Items from a data source:
== Segment start ==
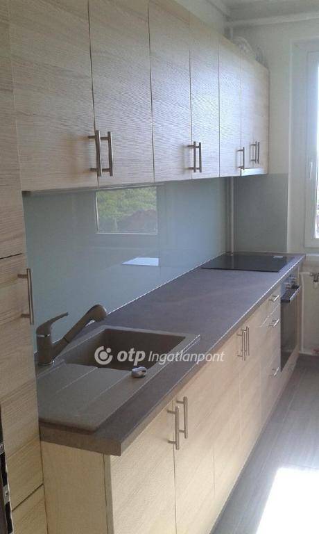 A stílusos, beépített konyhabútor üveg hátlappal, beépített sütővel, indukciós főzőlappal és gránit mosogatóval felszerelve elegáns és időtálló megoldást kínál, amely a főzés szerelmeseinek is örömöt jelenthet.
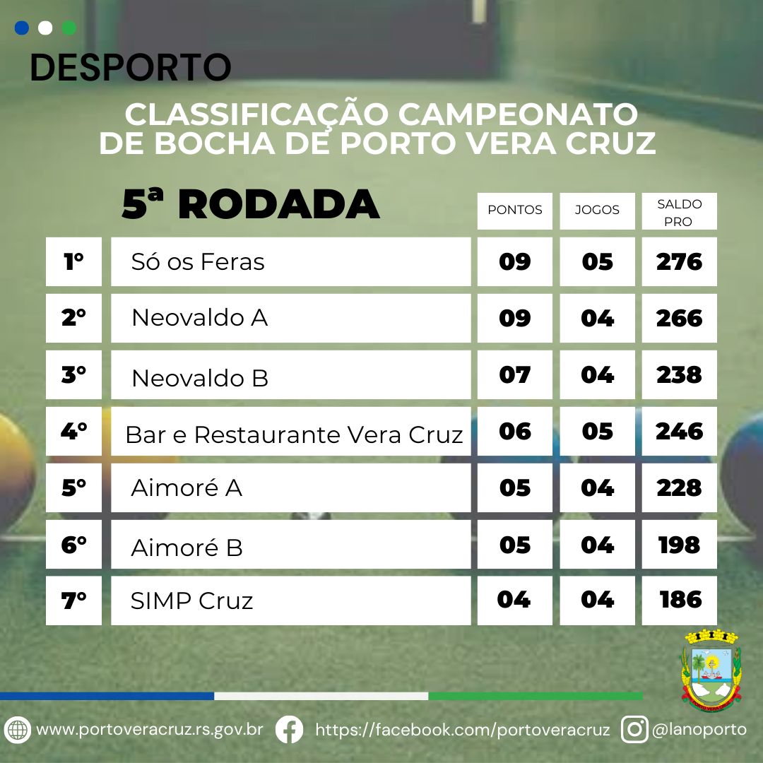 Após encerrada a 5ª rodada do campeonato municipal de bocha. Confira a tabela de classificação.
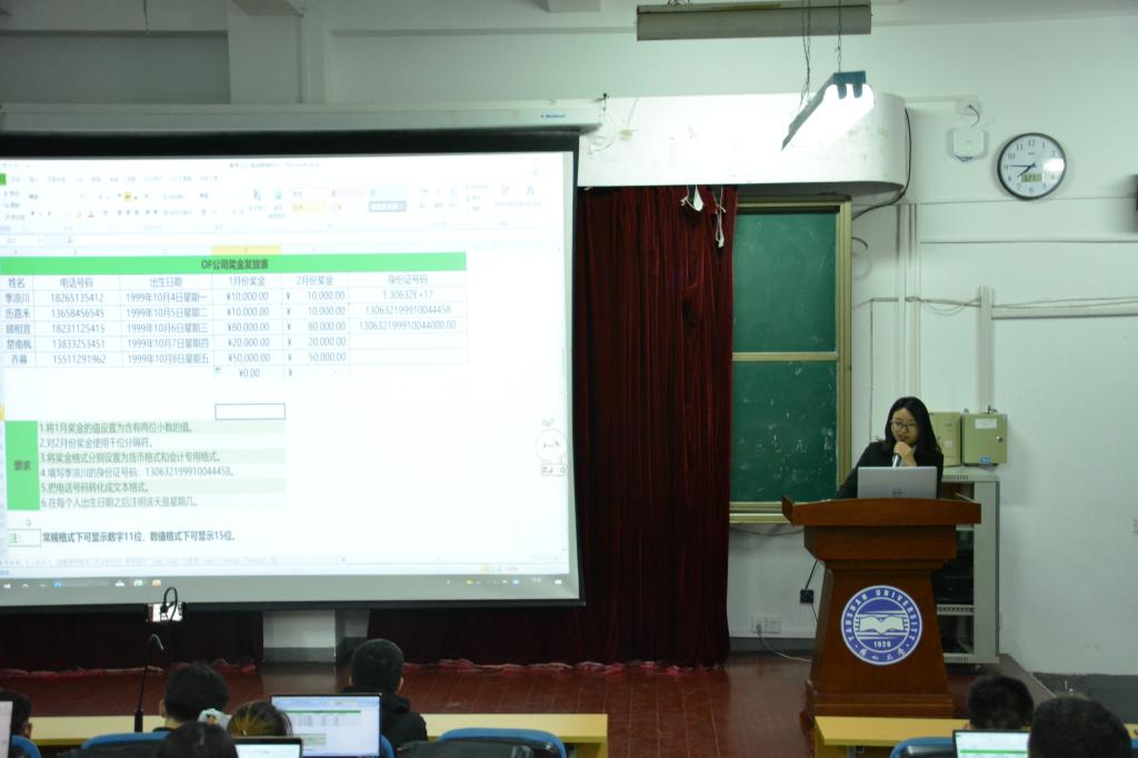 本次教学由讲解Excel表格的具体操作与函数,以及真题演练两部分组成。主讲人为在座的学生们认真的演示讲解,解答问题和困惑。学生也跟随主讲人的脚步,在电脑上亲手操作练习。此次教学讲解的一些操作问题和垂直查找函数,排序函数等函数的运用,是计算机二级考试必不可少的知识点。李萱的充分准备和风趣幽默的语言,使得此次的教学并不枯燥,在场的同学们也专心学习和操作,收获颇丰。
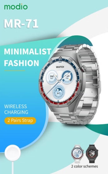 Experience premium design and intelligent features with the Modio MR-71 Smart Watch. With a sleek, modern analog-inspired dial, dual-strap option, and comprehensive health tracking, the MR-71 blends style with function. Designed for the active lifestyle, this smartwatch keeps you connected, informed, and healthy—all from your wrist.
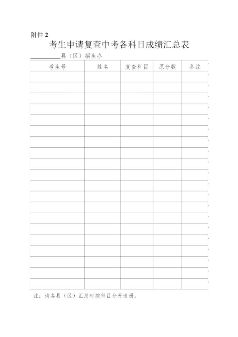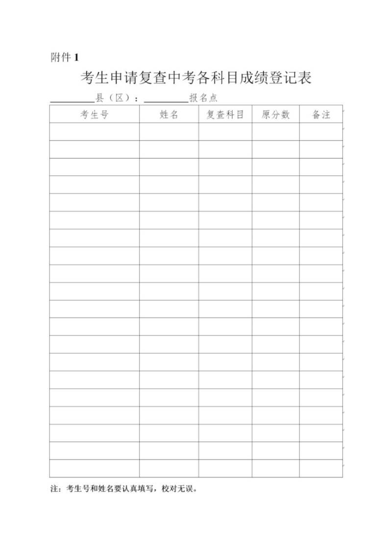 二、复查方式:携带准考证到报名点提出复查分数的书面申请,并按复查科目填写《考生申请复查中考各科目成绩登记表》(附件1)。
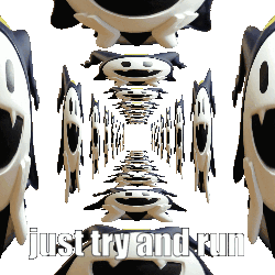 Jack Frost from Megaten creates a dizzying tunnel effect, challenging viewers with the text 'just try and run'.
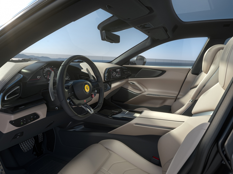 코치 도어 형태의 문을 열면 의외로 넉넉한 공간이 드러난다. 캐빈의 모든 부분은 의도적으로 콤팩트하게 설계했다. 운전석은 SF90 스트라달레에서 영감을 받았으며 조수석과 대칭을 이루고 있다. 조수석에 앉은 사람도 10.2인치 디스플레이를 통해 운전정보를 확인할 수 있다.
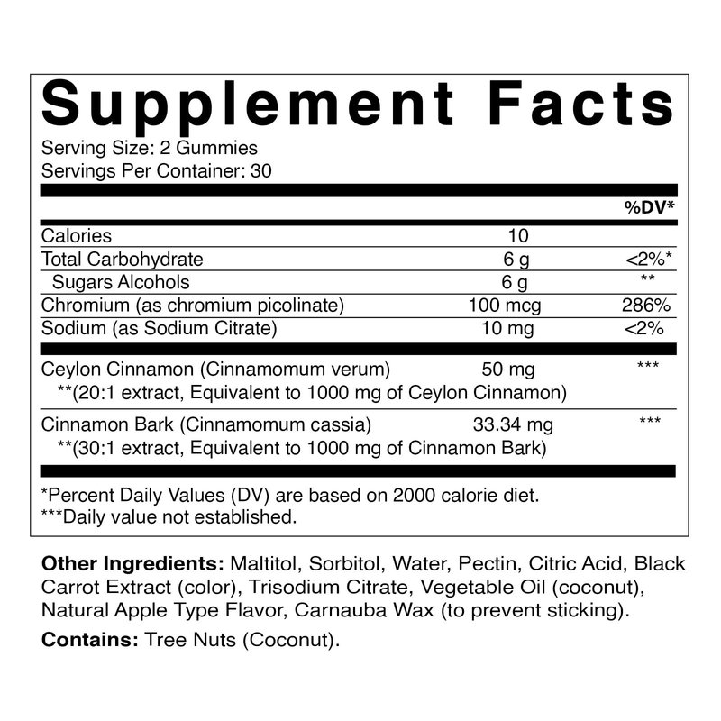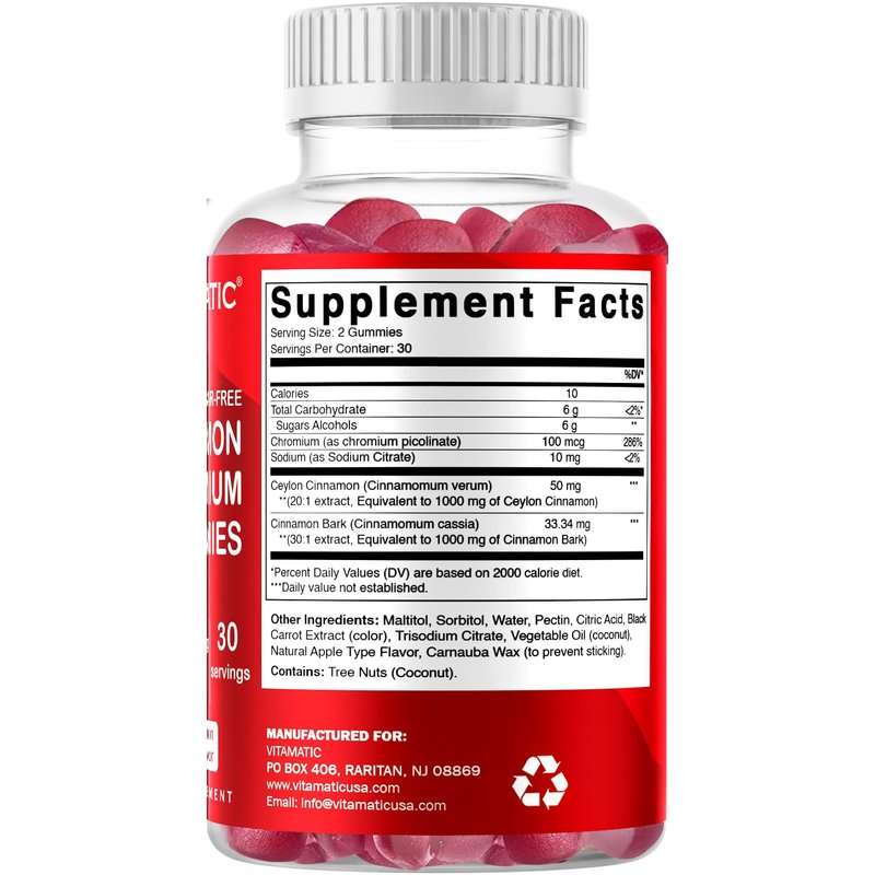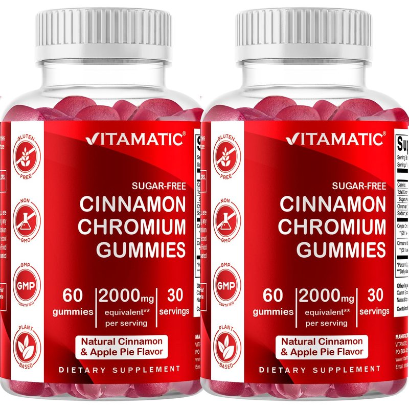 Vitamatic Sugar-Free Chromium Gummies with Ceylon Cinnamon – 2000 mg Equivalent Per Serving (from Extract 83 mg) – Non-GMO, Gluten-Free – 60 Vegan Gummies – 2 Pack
== Segment end ==
What this task involves: The reply must consist of the records, repeated exactly, minus any images.

Written reply:
 A stílusos, beépített konyhabútor üveg hátlappal, beépített sütővel, indukciós főzőlappal és gránit mosogatóval felszerelve elegáns és időtálló megoldást kínál, amely a főzés szerelmeseinek is örömöt jelenthet.
 Após encerrada a 5ª rodada do campeonato municipal de bocha. Confira a tabela de classificação.
 本次教学由讲解Excel表格的具体操作与函数,以及真题演练两部分组成。主讲人为在座的学生们认真的演示讲解,解答问题和困惑。学生也跟随主讲人的脚步,在电脑上亲手操作练习。此次教学讲解的一些操作问题和垂直查找函数,排序函数等函数的运用,是计算机二级考试必不可少的知识点。李萱的充分准备和风趣幽默的语言,使得此次的教学并不枯燥,在场的同学们也专心学习和操作,收获颇丰。
 Experience premium design and intelligent features with the Modio MR-71 Smart Watch. With a sleek, modern analog-inspired dial, dual-strap option, and comprehensive health tracking, the MR-71 blends style with function. Designed for the active lifestyle, this smartwatch keeps you connected, informed, and healthy—all from your wrist.
 二、复查方式:携带准考证到报名点提出复查分数的书面申请,并按复查科目填写《考生申请复查中考各科目成绩登记表》(附件1)。
 Jack Frost from Megaten creates a dizzying tunnel effect, challenging viewers with the text 'just try and run'.
 코치 도어 형태의 문을 열면 의외로 넉넉한 공간이 드러난다. 캐빈의 모든 부분은 의도적으로 콤팩트하게 설계했다. 운전석은 SF90 스트라달레에서 영감을 받았으며 조수석과 대칭을 이루고 있다. 조수석에 앉은 사람도 10.2인치 디스플레이를 통해 운전정보를 확인할 수 있다.
 Vitamatic Sugar-Free Chromium Gummies with Ceylon Cinnamon – 2000 mg Equivalent Per Serving (from Extract 83 mg) – Non-GMO, Gluten-Free – 60 Vegan Gummies – 2 Pack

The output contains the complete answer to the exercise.